Building my own, on the cheap

I had the following principles in mind when I started working on this project:

  1. Utilize materials that I already have at home. Possibly spend no extra money.
  2. Single keys only, because:
    • stabilizers are a hit or miss, and you never ever miss huh
    • it's just simpler to design a board around multiple same sized keys
  3. The board has to be as small as possible. Around 60-65% would be the best.

Getting the base parts

The first order of business was to acquire the parts. I've had a Chicony KB-5191 laying around, and it wasn't in the greatest condition. I don't believe in preservation of hardware that's not significant in terms of rarity or sentimental value, so I disassembled the keyboard and desoldered most of the switches. According to deskthority, KB-5191 housed a lot of different switches and mount configurations - mine had the Futaba Clicky Cherry MX mount switches, mounted on a bog standard double sided PCB. Those are not ideal, but I didn't want to spend 130PLN (~30USD) just to get some Gateron Blues/Browns.

Early attempts

"You see that 3D Printer sitting on the desk behind you? Me neither." So, my next logical step was to drill 210 holes into the back of a X200 screen case ... and then, install the switches I originally chose this approach because I was looking for something sturdy that could act as a nice backplate. This was an obvious fit, as it was already damaged prior to me receiving it, and the flex was minimal - even compared to the original PCB. This was ideal right up until the moment when I tried to connect the switches into a matrix - I forgot that ThinkPad cases are famously a magnesium alloy, and like most alloys, this one is a good conductor. I may have facepalmed when I realized.

Back to the drawing board

OpenSCAD model of the plate I made, later cut in Slic3r I made precise measurements of the switch dimensions (remember, Futaba MA are "cherry mx compatible" only in terms of the keycap mount), and I quickly scribbled up a holder plate in OpenSCAD. After dividing it into two parts, I printed the smaller one first to make sure I didn't make any huge mistakes:

The plate, printed

This was really as close to perfection as I could've hoped for. In retrospect, I could have made the holes a bit smaller, so the switches would fit in a bit tighter, but it doesn't affect the usability in any way.

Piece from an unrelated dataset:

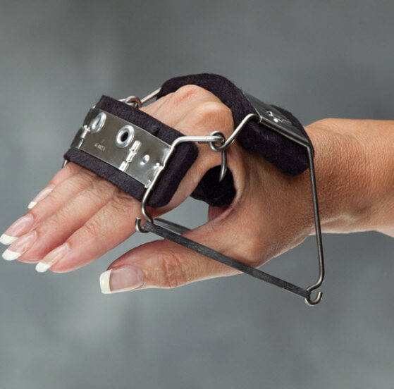 Aparat dynamicznie korygujący zgięcie, zapewniający utrzymanie stawu śródręczno-paliczkowego w pozycji przygiętej.

Joining parts of the plate together wasn't an easy enndeavour either - at first, I tried acetone, but the join wasn't strong enough to sustain the stress of me assembling the keyboard. Out of options and desperate for answers, I joined the two parts by melting edges of the prints while they were close-by together. This, unfortunately, pushed the column be a tiny bit further from the rest, but it's barely noticeable visually, and I don't really notice it when typing.

The Matrix

To cut costs, this design is completely PCB-less (well, except the board with the µC). I've carefully soldered wires to rows, diodes to columns, and used a neat trick to make it a bit tidier - the columns are made up of diodes soldered together, without any sort of extra cable. starting to solder the parts If you're interested in the details of how a keyboard matrix works, why I used diodes next to every switch and more, check out this helpful blogpost.

The case

Spiky boii Designing the case was mostly a case of me measuring my current keyboard, and doing some modifications so it would be kept a bit smaller. Finally, I came up with this: Less spiky boii The spike-like structures are there to reduce the board flex, and they’re positioned right below the joints of the plate. The plate itself fits right into the case, leaving a few milimiters below it to allow for cable management and, well, for the matrix to fit.
The design is available in the project repository ^w^ two printed parts connected together After printing the case as two separate parts, I again used some acetone to fix them in place. For extra stability, some flat print scraps were used as joiners, and so far it's been holding up perfectly well. I didn't want to melt the plastic like in the case of the plate, because it's a part exposed to the end-user, and I'd prefer for it to look nice and clean.

Assembly

the whole jig attached to a pi pico After gluing the pico to the bottom of the case (I unfortunately did not think about a better mounting mechanism), it was a matter of making sure that the cables don't get stuck up against the vertical support columns. Surprisingly, that wasn't as hard as I initially imagined. the assembled keyboard, w/o keycaps After putting the parts together, I used even more acetone to join the plate and the case. This is something I wish I'd done differently, because disassembly is way harder, and potentially more destructive. Future designs should use screws or latches. keyboard with most of the original keycaps on For keycaps, I rescued some of the 1x ones from the donator Chicony board. Problem being, that there weren't enough of those for all of the rows...

3D printing keycaps

"If you can print a keyboard, you surely can print the keycaps too?"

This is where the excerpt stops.